Data supplied:
○ ○ ○ ○ ○ ○ ○
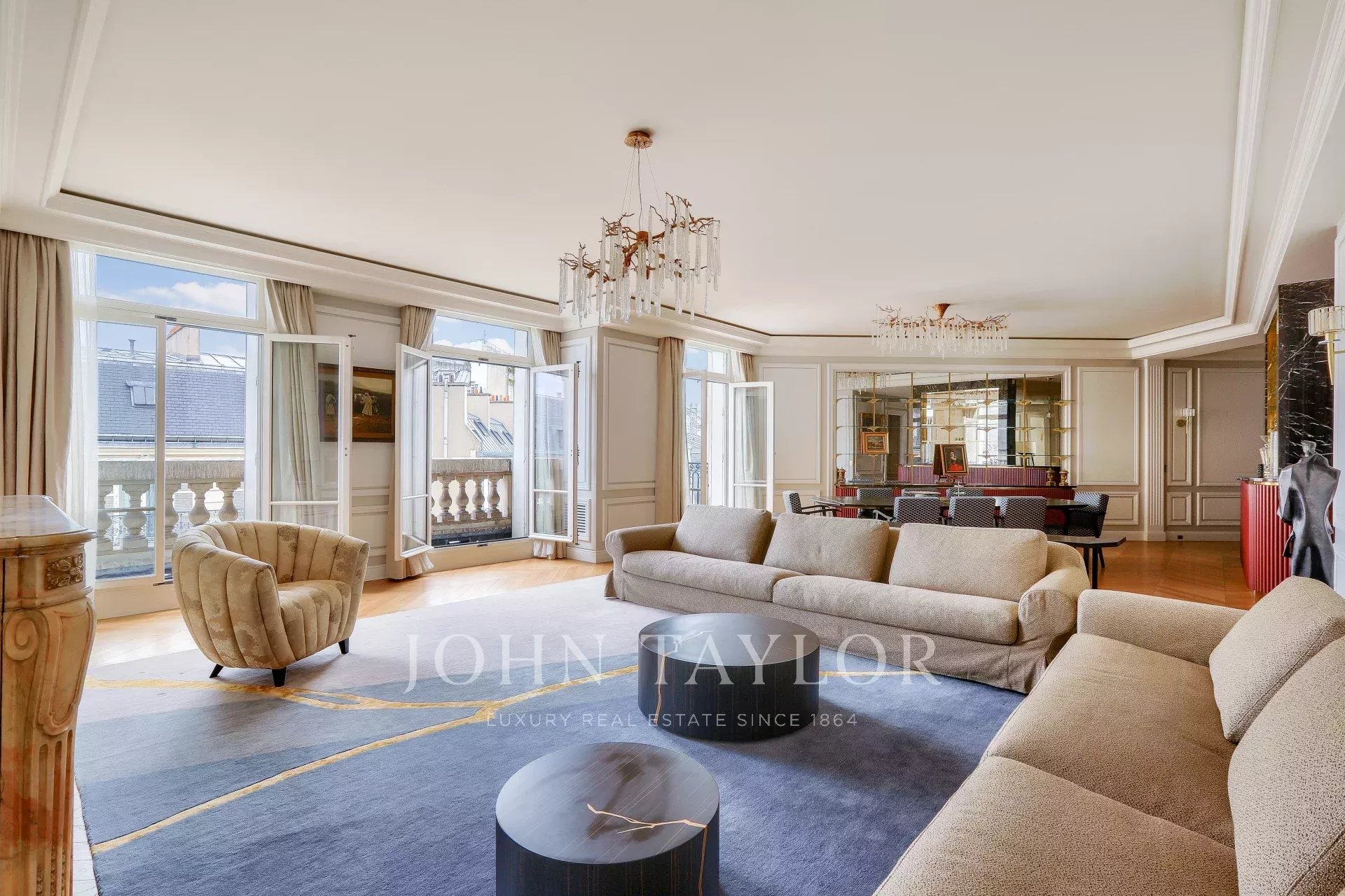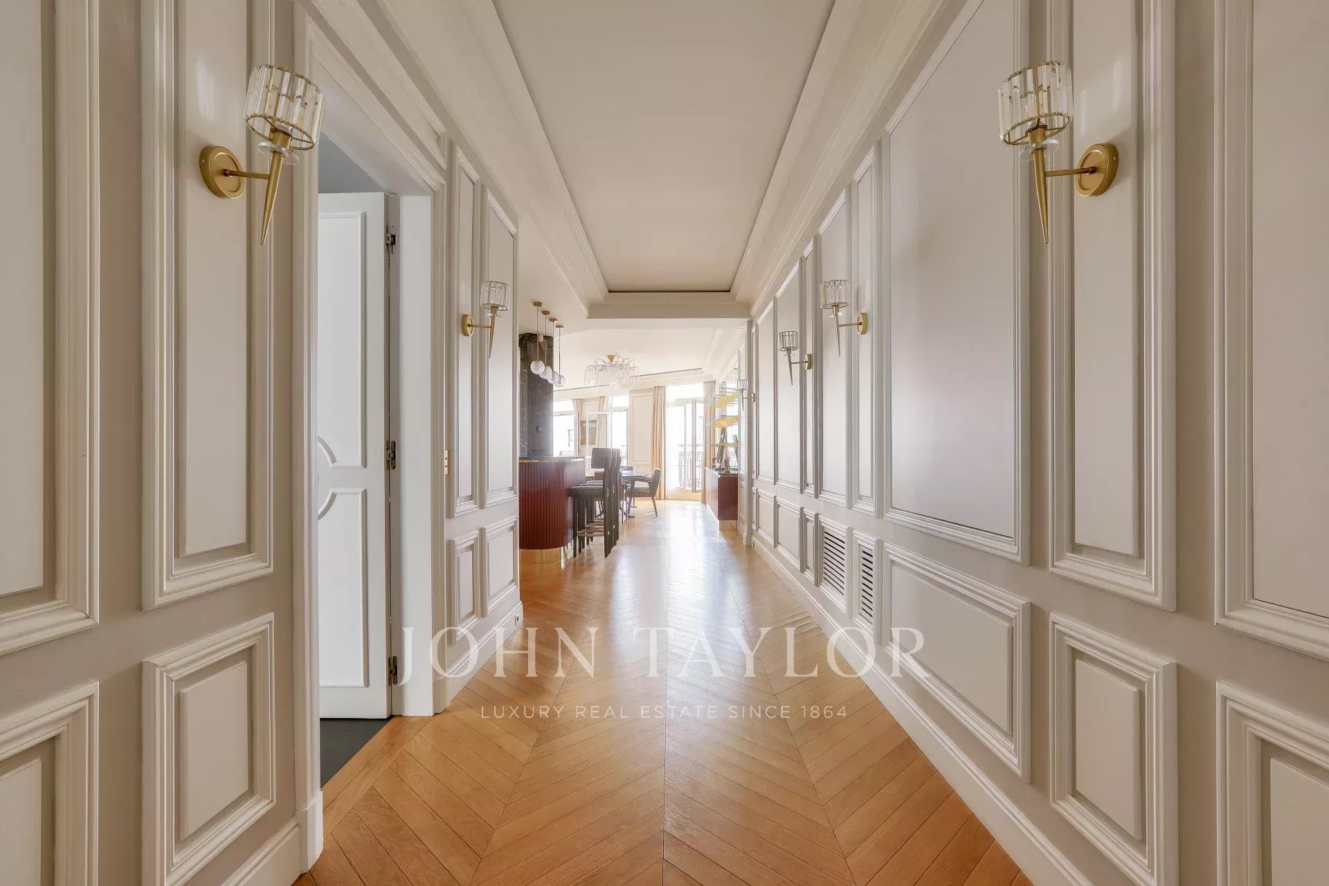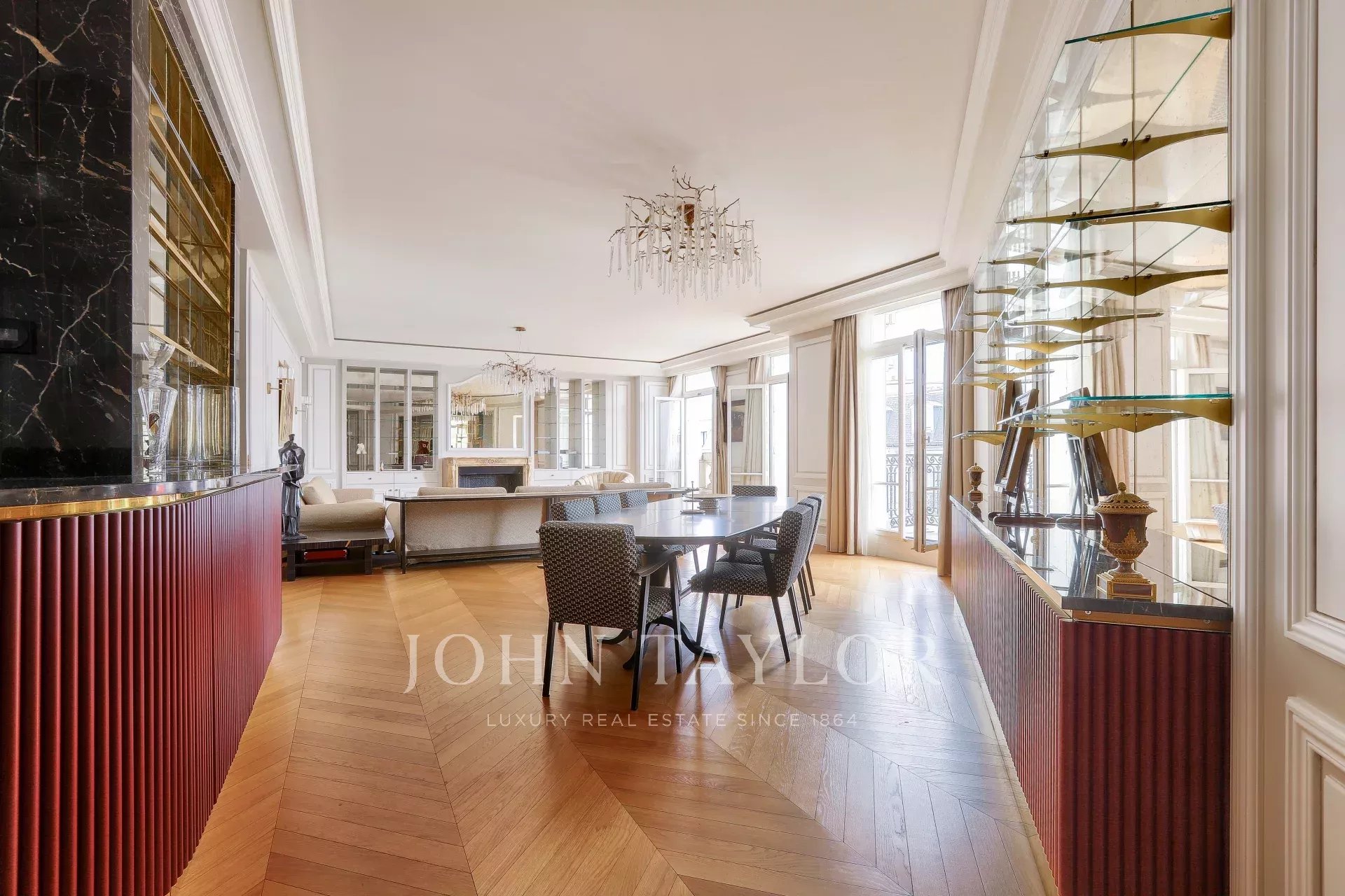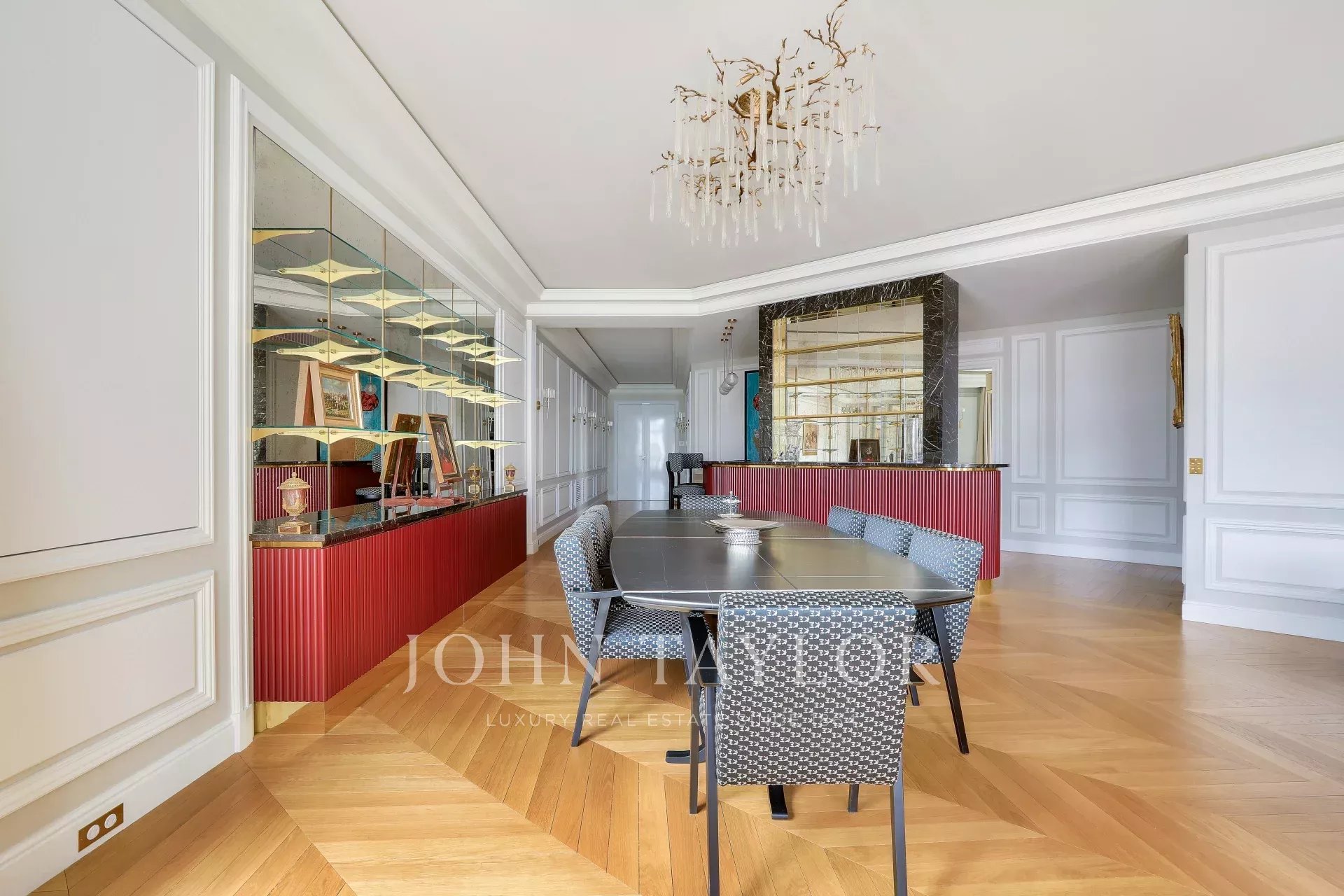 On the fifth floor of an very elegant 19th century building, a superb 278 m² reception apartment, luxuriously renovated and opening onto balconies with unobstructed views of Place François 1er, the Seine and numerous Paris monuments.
○ ○ ○ ○ ○ ○ ○
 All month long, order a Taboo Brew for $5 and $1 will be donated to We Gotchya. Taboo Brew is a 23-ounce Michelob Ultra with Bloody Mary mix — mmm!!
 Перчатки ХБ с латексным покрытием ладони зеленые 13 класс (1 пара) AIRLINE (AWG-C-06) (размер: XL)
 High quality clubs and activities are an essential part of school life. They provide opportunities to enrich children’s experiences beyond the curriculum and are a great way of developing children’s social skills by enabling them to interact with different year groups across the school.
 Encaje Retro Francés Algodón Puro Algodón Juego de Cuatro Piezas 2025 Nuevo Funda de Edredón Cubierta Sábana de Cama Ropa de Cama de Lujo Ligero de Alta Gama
○ ○ ○ ○ ○ ○ ○
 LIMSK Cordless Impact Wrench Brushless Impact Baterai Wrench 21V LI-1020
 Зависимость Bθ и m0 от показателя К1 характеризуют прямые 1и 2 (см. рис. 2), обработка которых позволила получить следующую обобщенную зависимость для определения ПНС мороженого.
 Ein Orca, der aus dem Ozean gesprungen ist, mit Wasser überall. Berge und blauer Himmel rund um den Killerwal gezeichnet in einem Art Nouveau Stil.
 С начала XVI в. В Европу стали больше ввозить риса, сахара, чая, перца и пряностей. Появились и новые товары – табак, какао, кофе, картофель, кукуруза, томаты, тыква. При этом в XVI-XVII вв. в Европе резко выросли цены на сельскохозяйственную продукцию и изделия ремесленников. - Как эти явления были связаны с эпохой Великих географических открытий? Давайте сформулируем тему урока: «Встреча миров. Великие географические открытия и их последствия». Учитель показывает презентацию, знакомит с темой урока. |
○ ○ ○ ○ ○ ○ ○
Task goal:
An exact, complete copy of the lines above from the one with "Ein Orca, der" through the one with "С начала XVI" is the whole answer.

Response:
 Ein Orca, der aus dem Ozean gesprungen ist, mit Wasser überall. Berge und blauer Himmel rund um den Killerwal gezeichnet in einem Art Nouveau Stil.
 С начала XVI в. В Европу стали больше ввозить риса, сахара, чая, перца и пряностей. Появились и новые товары – табак, какао, кофе, картофель, кукуруза, томаты, тыква. При этом в XVI-XVII вв. в Европе резко выросли цены на сельскохозяйственную продукцию и изделия ремесленников. - Как эти явления были связаны с эпохой Великих географических открытий? Давайте сформулируем тему урока: «Встреча миров. Великие географические открытия и их последствия». Учитель показывает презентацию, знакомит с темой урока. |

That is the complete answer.